PROVIDED ENTRIES:
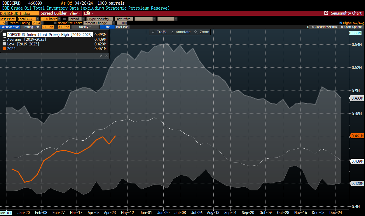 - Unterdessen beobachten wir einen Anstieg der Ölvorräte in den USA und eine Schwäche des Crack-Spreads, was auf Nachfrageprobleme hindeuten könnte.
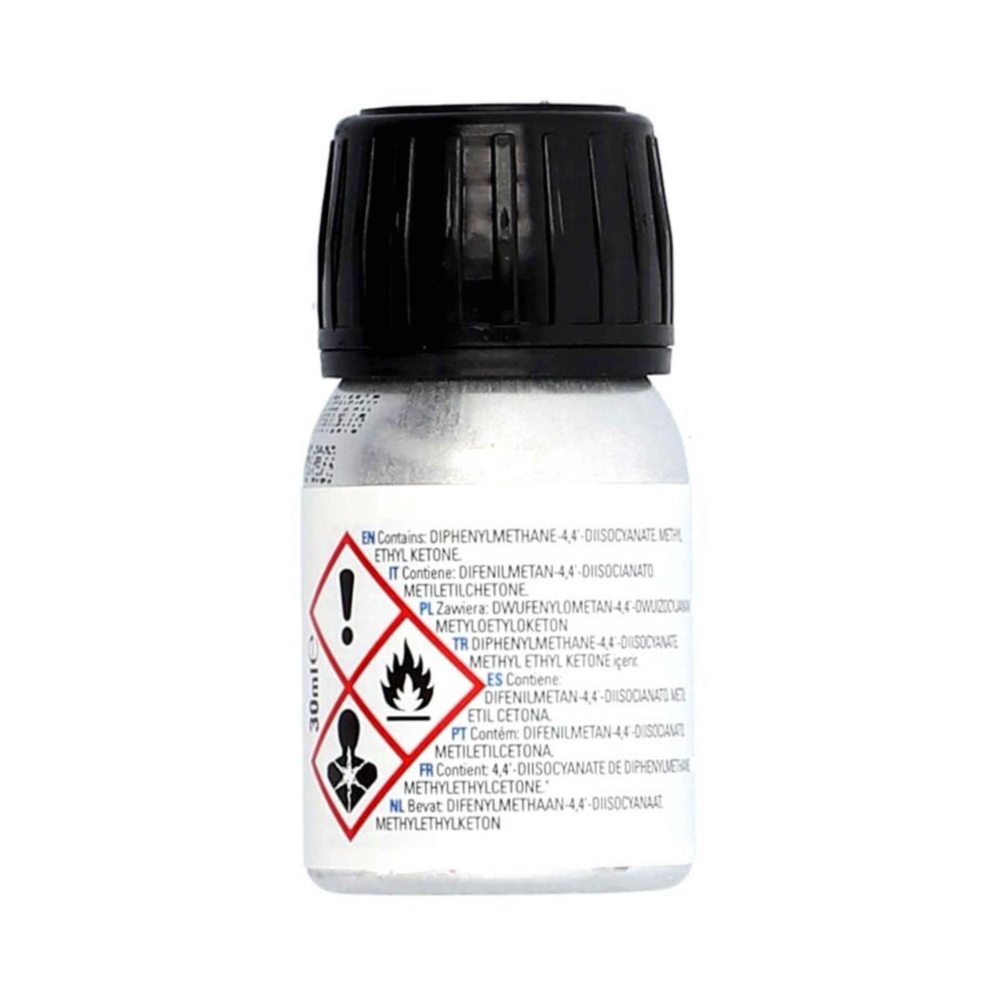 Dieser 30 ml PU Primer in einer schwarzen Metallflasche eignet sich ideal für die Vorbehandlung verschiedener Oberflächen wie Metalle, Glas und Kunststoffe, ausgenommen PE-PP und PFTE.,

---

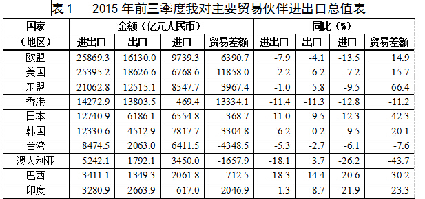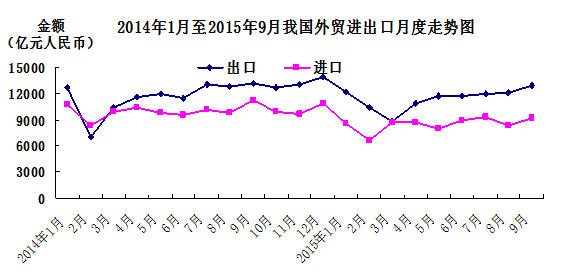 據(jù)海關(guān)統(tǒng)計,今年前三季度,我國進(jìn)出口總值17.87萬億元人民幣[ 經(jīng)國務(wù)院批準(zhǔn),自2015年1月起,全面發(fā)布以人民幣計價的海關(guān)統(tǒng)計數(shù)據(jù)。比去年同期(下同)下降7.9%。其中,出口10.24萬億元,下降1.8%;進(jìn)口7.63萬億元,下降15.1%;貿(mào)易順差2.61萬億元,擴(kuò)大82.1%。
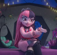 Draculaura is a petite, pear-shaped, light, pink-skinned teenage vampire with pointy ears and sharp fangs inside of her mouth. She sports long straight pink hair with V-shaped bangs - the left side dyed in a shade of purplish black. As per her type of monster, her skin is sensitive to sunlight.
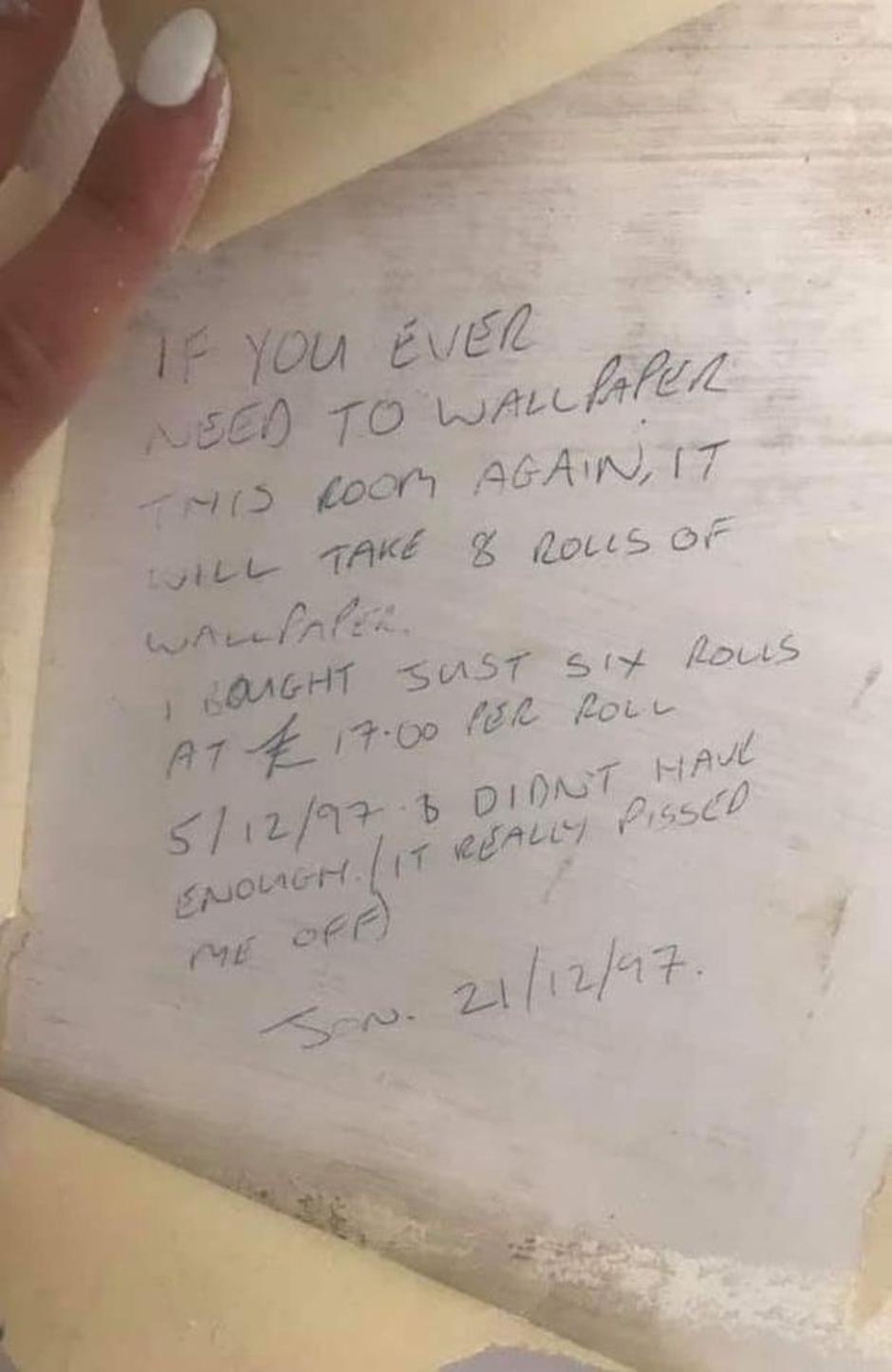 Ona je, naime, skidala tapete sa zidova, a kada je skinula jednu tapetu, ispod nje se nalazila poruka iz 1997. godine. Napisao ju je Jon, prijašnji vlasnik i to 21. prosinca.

...

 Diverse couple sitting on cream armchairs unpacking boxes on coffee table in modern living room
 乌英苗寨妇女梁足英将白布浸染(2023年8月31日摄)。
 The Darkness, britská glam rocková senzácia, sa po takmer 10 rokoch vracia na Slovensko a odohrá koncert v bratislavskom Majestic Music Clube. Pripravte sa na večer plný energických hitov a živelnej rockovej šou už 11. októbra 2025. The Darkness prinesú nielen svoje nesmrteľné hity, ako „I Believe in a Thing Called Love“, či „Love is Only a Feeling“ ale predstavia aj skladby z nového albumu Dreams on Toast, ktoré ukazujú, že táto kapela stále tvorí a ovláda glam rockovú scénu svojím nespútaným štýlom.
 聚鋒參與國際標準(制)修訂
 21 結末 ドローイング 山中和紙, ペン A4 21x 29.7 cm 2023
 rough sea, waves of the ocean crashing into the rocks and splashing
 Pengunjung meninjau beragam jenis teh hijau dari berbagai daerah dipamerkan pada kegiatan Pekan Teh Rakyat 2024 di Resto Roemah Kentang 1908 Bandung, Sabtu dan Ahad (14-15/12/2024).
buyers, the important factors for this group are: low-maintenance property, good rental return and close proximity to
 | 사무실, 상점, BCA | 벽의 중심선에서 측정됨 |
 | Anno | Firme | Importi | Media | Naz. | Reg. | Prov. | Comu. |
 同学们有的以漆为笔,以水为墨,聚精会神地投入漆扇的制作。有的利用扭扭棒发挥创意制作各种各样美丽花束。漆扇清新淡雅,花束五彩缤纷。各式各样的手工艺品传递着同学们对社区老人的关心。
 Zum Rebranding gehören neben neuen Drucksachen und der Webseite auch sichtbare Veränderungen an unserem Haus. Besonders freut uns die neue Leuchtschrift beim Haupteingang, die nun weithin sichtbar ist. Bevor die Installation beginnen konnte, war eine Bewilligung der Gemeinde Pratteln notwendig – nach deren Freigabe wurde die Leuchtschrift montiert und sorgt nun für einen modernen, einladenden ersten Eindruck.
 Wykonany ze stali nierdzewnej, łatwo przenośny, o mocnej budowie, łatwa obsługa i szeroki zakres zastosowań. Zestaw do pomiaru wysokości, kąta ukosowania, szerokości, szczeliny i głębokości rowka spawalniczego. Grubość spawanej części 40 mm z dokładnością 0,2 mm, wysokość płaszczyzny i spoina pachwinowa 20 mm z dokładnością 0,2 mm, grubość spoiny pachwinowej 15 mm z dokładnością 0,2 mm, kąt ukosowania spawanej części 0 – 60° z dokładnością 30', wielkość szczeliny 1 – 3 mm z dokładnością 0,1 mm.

WHAT TO PRODUCE:
Would you copy, word for word, only the lines above from the one containing "Draculaura is a" through the one containing "Ona je, naime, skidala", both included, and please leave out the pictures?

YOUR RESPONSE:
 Draculaura is a petite, pear-shaped, light, pink-skinned teenage vampire with pointy ears and sharp fangs inside of her mouth. She sports long straight pink hair with V-shaped bangs - the left side dyed in a shade of purplish black. As per her type of monster, her skin is sensitive to sunlight.
 Ona je, naime, skidala tapete sa zidova, a kada je skinula jednu tapetu, ispod nje se nalazila poruka iz 1997. godine. Napisao ju je Jon, prijašnji vlasnik i to 21. prosinca.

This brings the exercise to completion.